Activity ->
Once the pictures are removed, restate the data below word for word.

Information shown ->

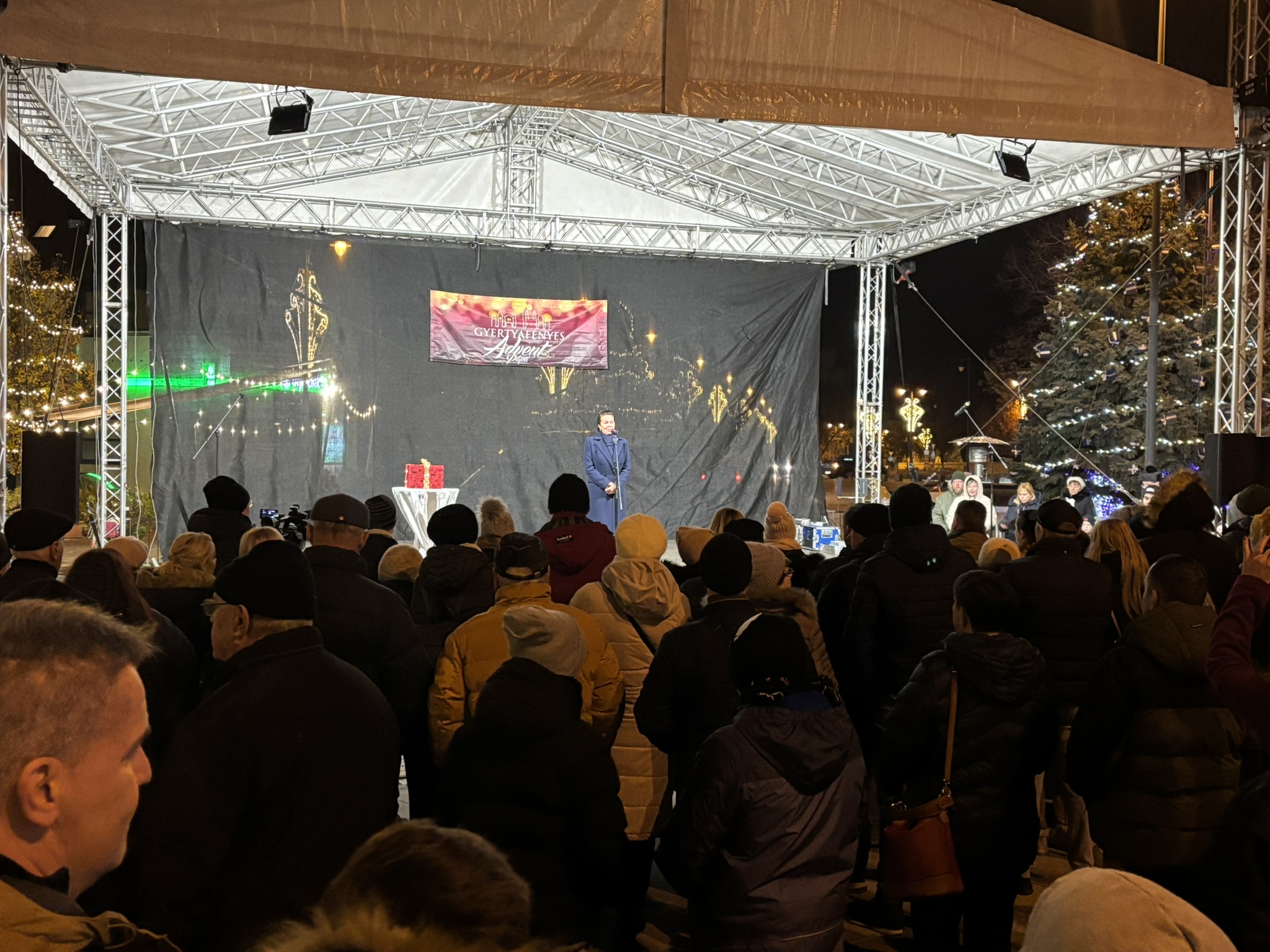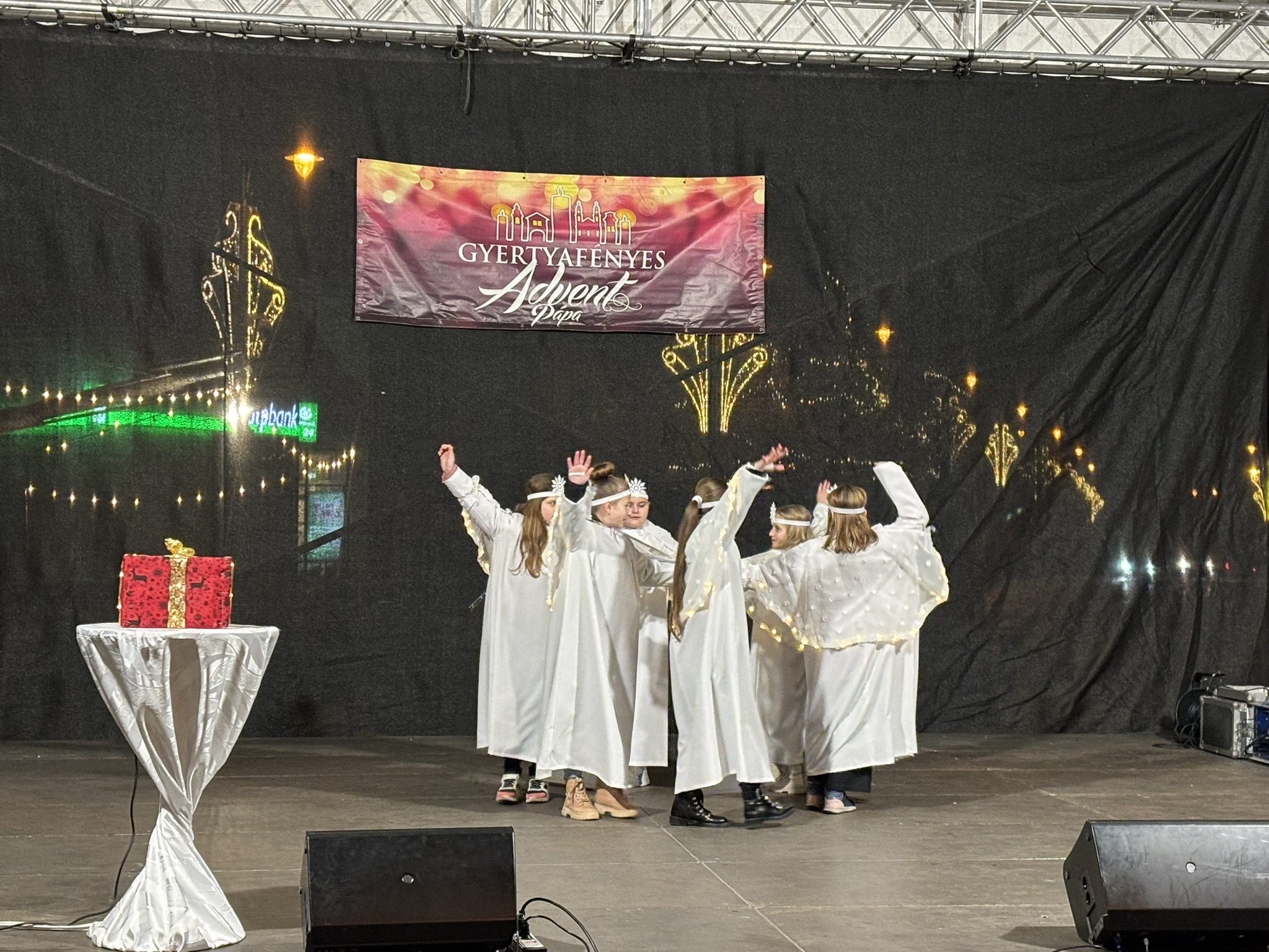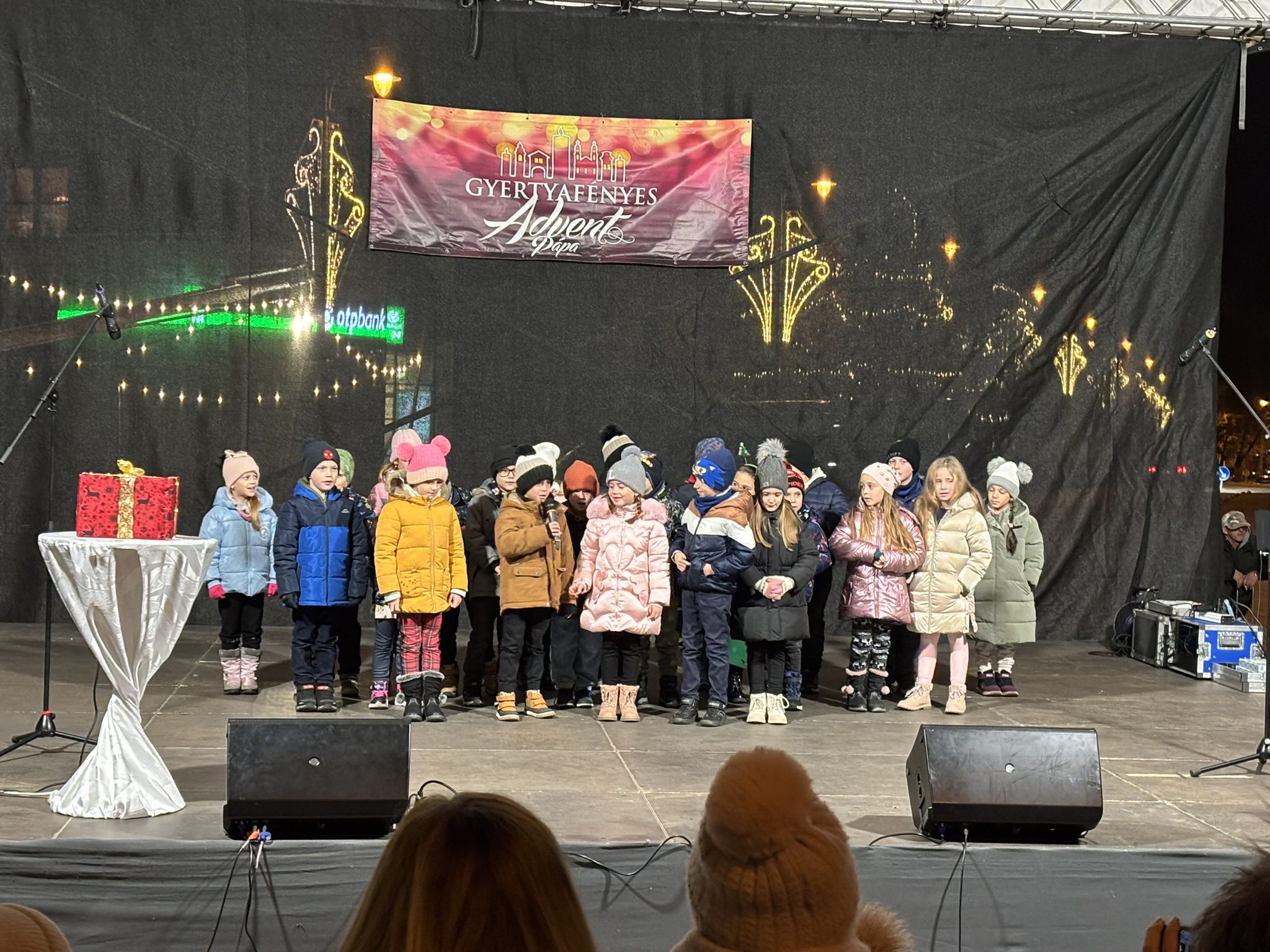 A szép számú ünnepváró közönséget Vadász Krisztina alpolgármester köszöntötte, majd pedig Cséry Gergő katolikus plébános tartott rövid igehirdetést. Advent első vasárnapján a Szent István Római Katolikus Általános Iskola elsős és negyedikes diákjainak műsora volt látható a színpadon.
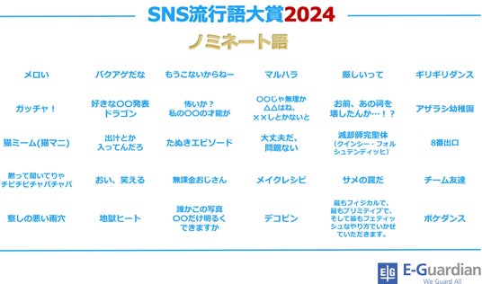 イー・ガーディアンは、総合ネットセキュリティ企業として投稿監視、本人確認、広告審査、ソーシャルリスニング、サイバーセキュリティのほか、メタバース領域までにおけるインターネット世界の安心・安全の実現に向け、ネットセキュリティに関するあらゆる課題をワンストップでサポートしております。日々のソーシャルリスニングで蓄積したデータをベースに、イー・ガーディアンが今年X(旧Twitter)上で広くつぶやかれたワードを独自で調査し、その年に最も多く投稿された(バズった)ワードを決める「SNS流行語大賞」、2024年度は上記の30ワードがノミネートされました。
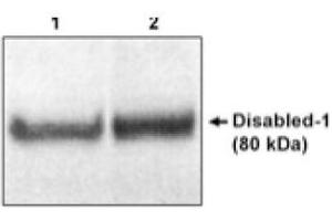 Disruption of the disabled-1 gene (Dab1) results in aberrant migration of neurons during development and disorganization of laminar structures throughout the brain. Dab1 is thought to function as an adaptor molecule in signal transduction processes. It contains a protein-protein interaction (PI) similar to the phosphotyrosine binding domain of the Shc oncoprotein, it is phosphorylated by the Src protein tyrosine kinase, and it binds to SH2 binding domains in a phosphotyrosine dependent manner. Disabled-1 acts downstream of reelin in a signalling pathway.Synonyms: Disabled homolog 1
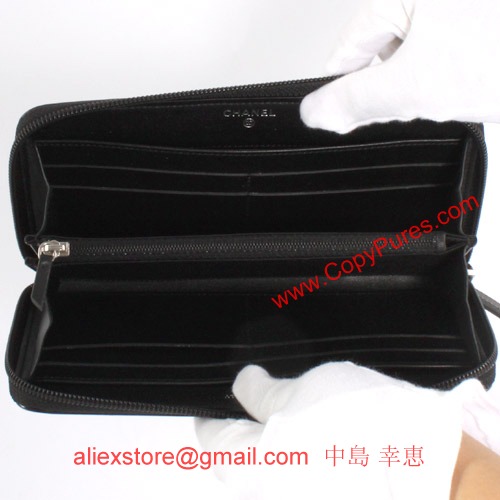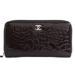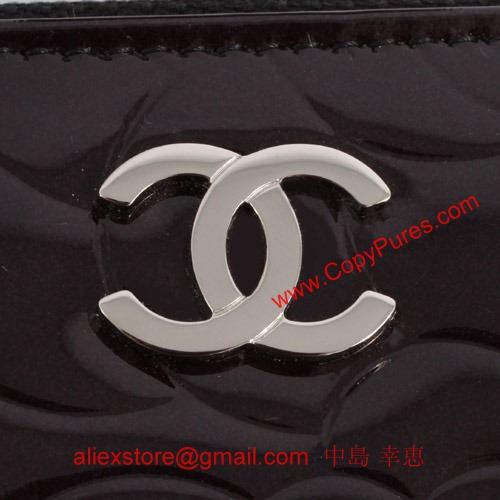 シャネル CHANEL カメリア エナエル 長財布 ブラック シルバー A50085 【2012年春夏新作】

Response ->
 A szép számú ünnepváró közönséget Vadász Krisztina alpolgármester köszöntötte, majd pedig Cséry Gergő katolikus plébános tartott rövid igehirdetést. Advent első vasárnapján a Szent István Római Katolikus Általános Iskola elsős és negyedikes diákjainak műsora volt látható a színpadon.
 イー・ガーディアンは、総合ネットセキュリティ企業として投稿監視、本人確認、広告審査、ソーシャルリスニング、サイバーセキュリティのほか、メタバース領域までにおけるインターネット世界の安心・安全の実現に向け、ネットセキュリティに関するあらゆる課題をワンストップでサポートしております。日々のソーシャルリスニングで蓄積したデータをベースに、イー・ガーディアンが今年X(旧Twitter)上で広くつぶやかれたワードを独自で調査し、その年に最も多く投稿された(バズった)ワードを決める「SNS流行語大賞」、2024年度は上記の30ワードがノミネートされました。
 Disruption of the disabled-1 gene (Dab1) results in aberrant migration of neurons during development and disorganization of laminar structures throughout the brain. Dab1 is thought to function as an adaptor molecule in signal transduction processes. It contains a protein-protein interaction (PI) similar to the phosphotyrosine binding domain of the Shc oncoprotein, it is phosphorylated by the Src protein tyrosine kinase, and it binds to SH2 binding domains in a phosphotyrosine dependent manner. Disabled-1 acts downstream of reelin in a signalling pathway.Synonyms: Disabled homolog 1
 シャネル CHANEL カメリア エナエル 長財布 ブラック シルバー A50085 【2012年春夏新作】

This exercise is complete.